I appreciated with your idea.
Thanks
HadoopHelp
Created on 07-26-2019 02:18 PM - edited 07-26-2019 02:19 PM
> Is there any option to find empty directory using HDFS command Directly?
You can get a list/find empty directories using the 'org.apache.solr.hadoop.HdfsFindTool'.
And using the hdfs tool to check/test if _a_ directory is empty, you can use -du or -test; please see the FileSystemShell [0]

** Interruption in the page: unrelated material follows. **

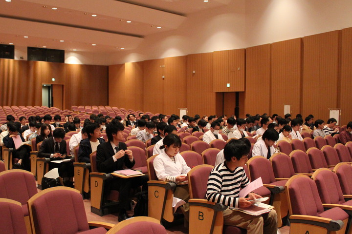 医学系学府入学式の冒頭で住本英樹学府長は、「是非、自分で面白いと思える問題に、あるいは、常識を疑いながら、より根本的な問題に果敢にチャレンジしてほしいと思います。その姿勢があれば、世界中の先達によって培われてきた医学・生命科学の膨大な遺産に皆さんの手で追加できるようになるでしょう。皆さんには、この『地道ではあるが実りの多いリレー』へ積極的に参加し、先輩から引き継いだ医学の道に、小さくてもいいから新たな一歩を切り開くような医学研究者になって欲しい」と挨拶を述べました(全文はページ末尾に掲載)。また、学府長挨拶に続き、医療経営・管理学専攻の鴨打正浩専攻長からも挨拶がありました。その後、事務より履修登録などの説明があり、式の後は専攻に分かれてカリキュラム説明がありました。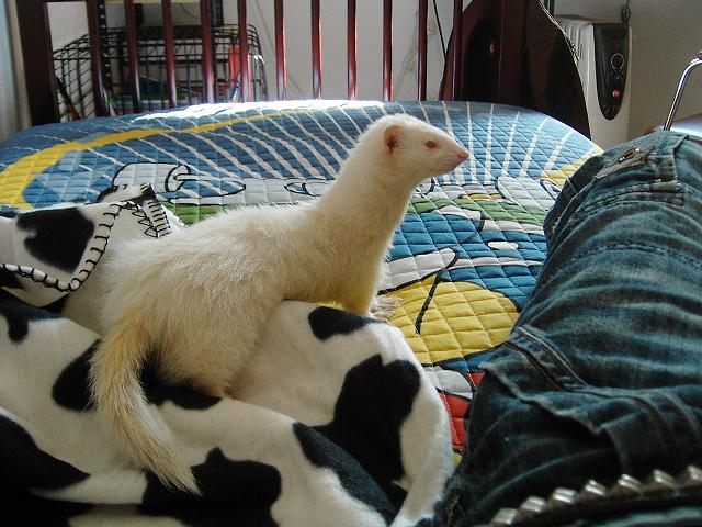 Hola esta es mi huroncita albina, tiene 5 meses y lleva conmigo dos. La primera semana era muy malilla y mordia pero ahora es buenísima, hay que ver como cambian, jeje.

test Usage: hadoop fs -test -[defsz] URI Options: -d: f the path is a directory, return 0. -e: if the path exists, return 0. -f: if the path is a file, return 0. -s: if the path is not empty, return 0. -r: if the path exists and read permission is granted, return 0. -w: if the path exists and write permission is granted, return 0. -z: if the file is zero length, return 0. Example: hadoop fs -test -e filename
du Usage: hadoop fs -du [-s] [-h] [-x] URI [URI ...] Displays sizes of files and directories contained in the given directory or the length of a file in case its just a file. Options: The -s option will result in an aggregate summary of file lengths being displayed, rather than the individual files. Without the -s option, calculation is done by going 1-level deep from the given path. The -h option will format file sizes in a “human-readable” fashion (e.g 64.0m instead of 67108864) The -x option will exclude snapshots from the result calculation. Without the -x option (default), the result is always calculated from all INodes, including all snapshots under the given path. The du returns three columns with the following format: size disk_space_consumed_with_all_replicas full_path_name Example: hadoop fs -du /user/hadoop/dir1 /user/hadoop/file1 hdfs://nn.example.com/user/hadoop/dir1 Exit Code: Returns 0 on success and -1 on error.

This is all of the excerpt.